Hi everyone,
basically I am trying to count how many unique customers I had in a period and that worked well with dc(clientid).
Until I wanted to know "How many unique Customers do I have by product group"
|stats dc(clientid) as Customers by year quarter product_toplevel product_lowerlevel
which, when for example looking at only 1 specific client who purchased 3 products within one group can return entries like
year | quarter | product_toplevel | product_lowerlevel | Customers |
2022 | 1 | Group A | Article 1 | 1 |
2022 | 1 | Group A | Article 2 | 1 |
2022 | 1 | Group A | Article 3 | 1 |
Now Splunk is not wrong here. Looking at each product there is 1 unique customer. However if I were to sum up the Customers-column it would look like I have 3 Customers in total.
I would much rather have it return the value "0.3" for "Customers" in the above example so that I can export the table to excel and work with pivot-tables while retaining the 'correct' total of unique customers.
For that purpose I intend to use eventstats to create a sort of column-total and then divide the value of Customers by that column total.
But I can not figure out how to do it. Any ideas?
Your approach seems reasonable. "Generalized" stats can give you only one overall "division" across your data. So you can't have two different numbers (for example - one "by product" and another "by customer" only using stats alone).
So counting with eventstats does seem the way to go but I don't quite understand why you would like to have 0.3 (I assume you meant 1/3=0.33(3)) customer per row.
The general idea would be something like that:
| eventstats dc(Customers) as Customers count by year
| eval Customers_per_total=Customers/count
But as I said - I fail to see the point in such calculation.
Hey, thank you very much. Yes, you got it exactly right.
Also for other people who might stumble accros this thread:
When naming fields that are populated with numbers like counted fields it helps to use 1-word names like UniqueCustomers or use underscores like Unique_Customers. If you use "Unique Customers" like I did eval will treat the values of that fields as string even though it is a number and it will not do calculations.
Maybe I oversimplified the explanation of my report but in the full report I group my customers by age, gender, regions, zones within that region, Customer type and Sales Channel. With all that added I fear that some groups of cusotmers might be over- or underrepresented and this calculation aims to compensate for that. Although maybe my thoughts take a wrong turn somewhere.

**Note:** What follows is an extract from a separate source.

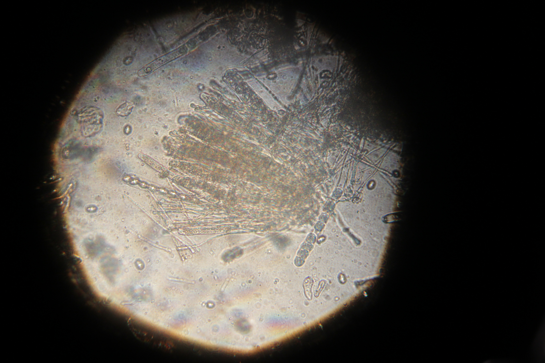 1. Eigentlich wollte ich mir den Pilz ja gestern Abend genauer anschauen. Leider hat er die Nacht bei mir nur sehr schlecht überstanden: Viel mehr als ein kleiner brauner Fleck ist nicht übrig geblieben. Die sterblichen Überreste habe ich dann aber trotzdem mal unters Mikroskop gelegt, wobei dann das rauskam (meine Mikroskopierkünste sind ja generell noch in den Kinderschuhen und wenn der Pilz sich dann nicht kooperativ zeigt, wird es nicht einfacher...):

Your approach seems reasonable. "Generalized" stats can give you only one overall "division" across your data. So you can't have two different numbers (for example - one "by product" and another "by customer" only using stats alone).
So counting with eventstats does seem the way to go but I don't quite understand why you would like to have 0.3 (I assume you meant 1/3=0.33(3)) customer per row.
The general idea would be something like that:
| eventstats dc(Customers) as Customers count by year
| eval Customers_per_total=Customers/count
But as I said - I fail to see the point in such calculation.